··· Material for this task ···
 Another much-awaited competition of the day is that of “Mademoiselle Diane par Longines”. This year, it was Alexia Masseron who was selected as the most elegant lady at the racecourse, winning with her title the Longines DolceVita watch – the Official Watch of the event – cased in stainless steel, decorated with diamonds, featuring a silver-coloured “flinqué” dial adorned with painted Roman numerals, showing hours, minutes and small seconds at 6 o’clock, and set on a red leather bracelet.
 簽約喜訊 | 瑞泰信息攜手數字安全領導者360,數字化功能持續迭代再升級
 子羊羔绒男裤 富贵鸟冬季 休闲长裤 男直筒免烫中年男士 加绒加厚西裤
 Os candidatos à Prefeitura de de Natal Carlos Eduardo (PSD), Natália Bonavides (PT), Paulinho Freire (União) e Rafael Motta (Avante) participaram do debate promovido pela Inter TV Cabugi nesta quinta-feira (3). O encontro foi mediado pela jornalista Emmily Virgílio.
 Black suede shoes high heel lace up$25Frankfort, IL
···
··· Material for this task ···
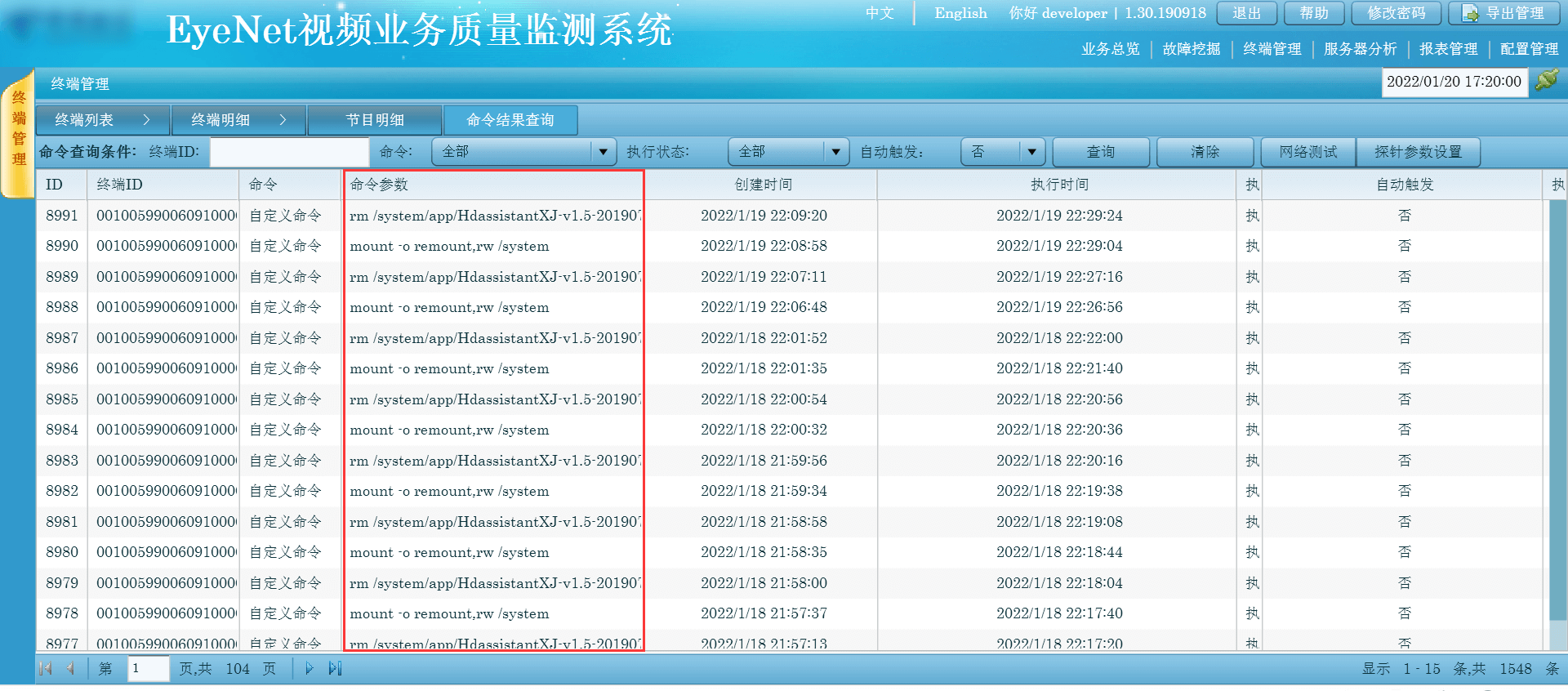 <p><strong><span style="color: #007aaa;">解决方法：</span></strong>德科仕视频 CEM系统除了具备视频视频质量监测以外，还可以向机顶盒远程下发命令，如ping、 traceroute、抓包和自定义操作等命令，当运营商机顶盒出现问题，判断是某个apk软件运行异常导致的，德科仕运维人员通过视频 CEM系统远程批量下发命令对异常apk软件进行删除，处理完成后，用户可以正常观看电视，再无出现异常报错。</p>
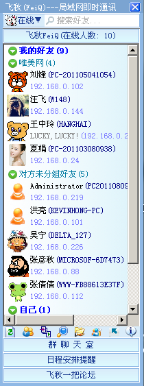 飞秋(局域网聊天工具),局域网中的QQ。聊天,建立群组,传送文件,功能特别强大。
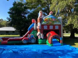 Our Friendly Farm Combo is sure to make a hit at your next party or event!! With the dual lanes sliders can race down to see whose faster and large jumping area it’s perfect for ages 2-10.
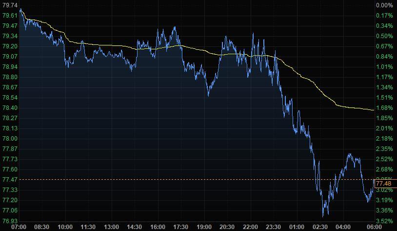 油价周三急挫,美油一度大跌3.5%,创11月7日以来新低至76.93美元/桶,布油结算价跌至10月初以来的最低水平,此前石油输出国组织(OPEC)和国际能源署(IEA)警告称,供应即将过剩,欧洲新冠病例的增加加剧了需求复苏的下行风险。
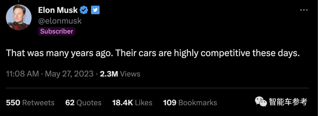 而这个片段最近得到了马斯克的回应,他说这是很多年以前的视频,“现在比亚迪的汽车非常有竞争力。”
···
··· Material for this task ···
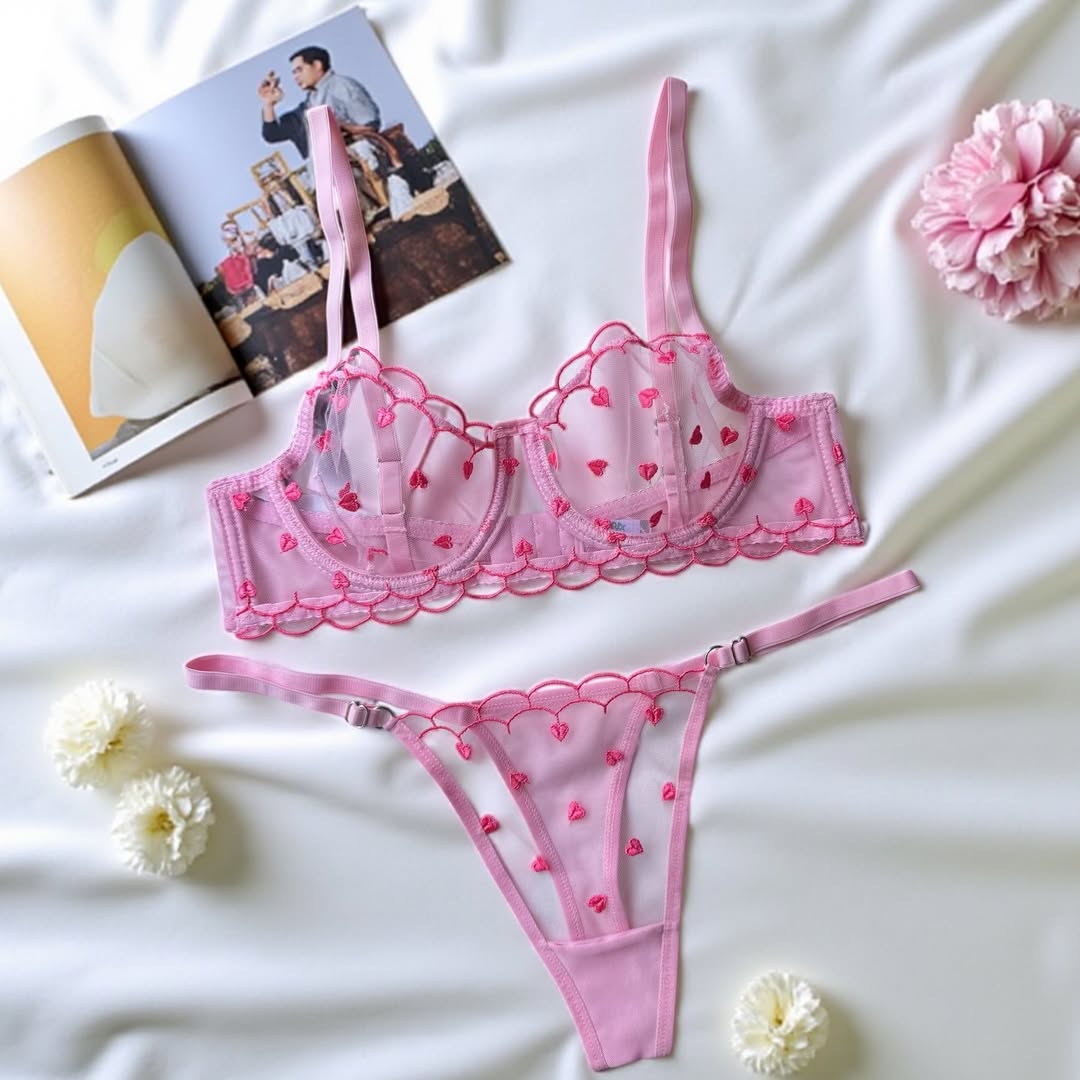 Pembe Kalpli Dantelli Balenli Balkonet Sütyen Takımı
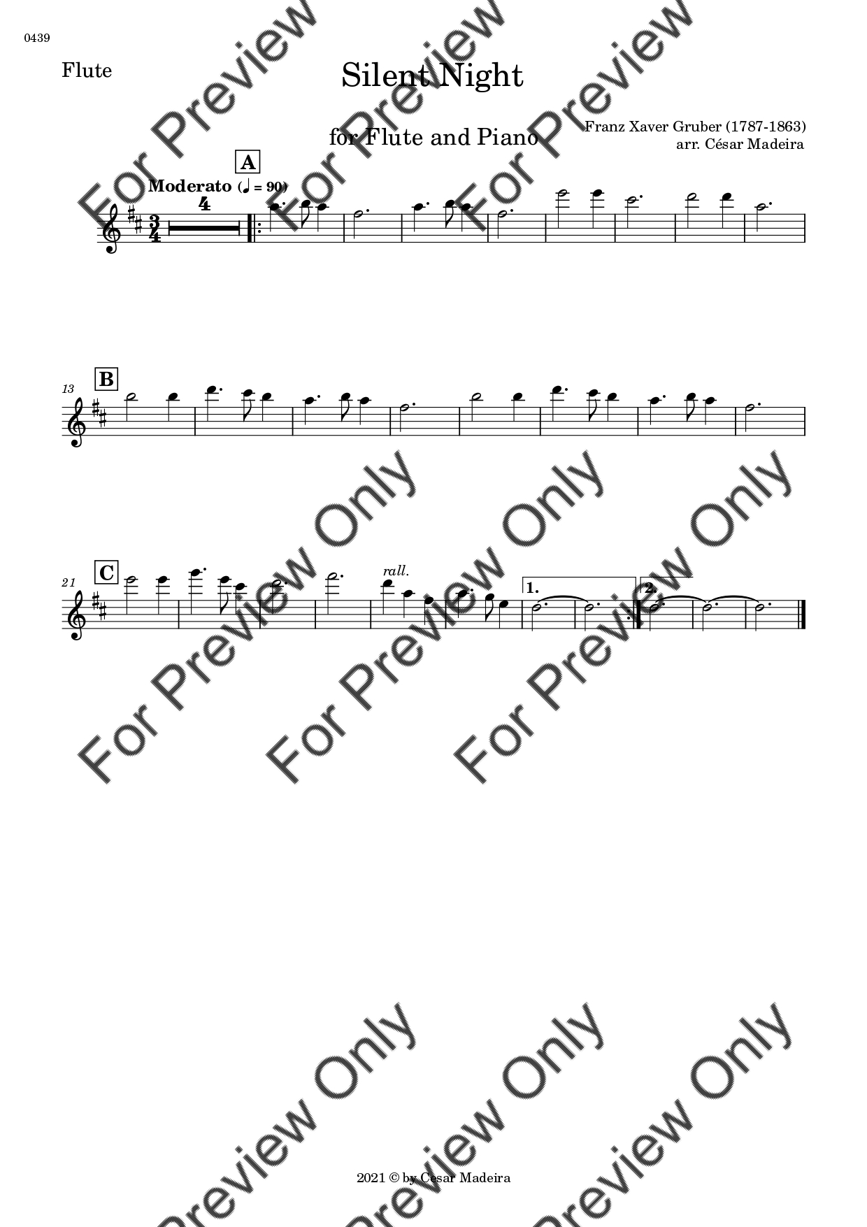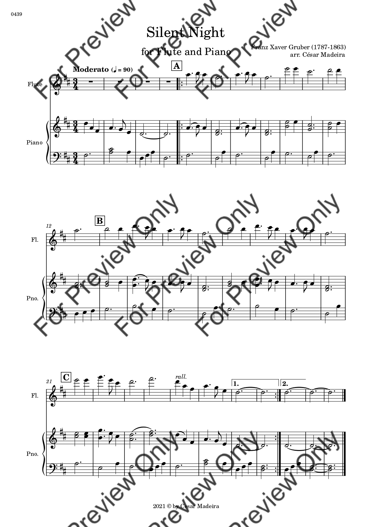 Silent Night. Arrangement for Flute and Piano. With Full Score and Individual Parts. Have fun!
···
Work item – An exact copy of the lines above, from the one containing "Os candidatos à" down to the one containing "Black suede shoes" and including both, is the whole answer; retype it and nothing else.

Output below –
 Os candidatos à Prefeitura de de Natal Carlos Eduardo (PSD), Natália Bonavides (PT), Paulinho Freire (União) e Rafael Motta (Avante) participaram do debate promovido pela Inter TV Cabugi nesta quinta-feira (3). O encontro foi mediado pela jornalista Emmily Virgílio.
 Black suede shoes high heel lace up$25Frankfort, IL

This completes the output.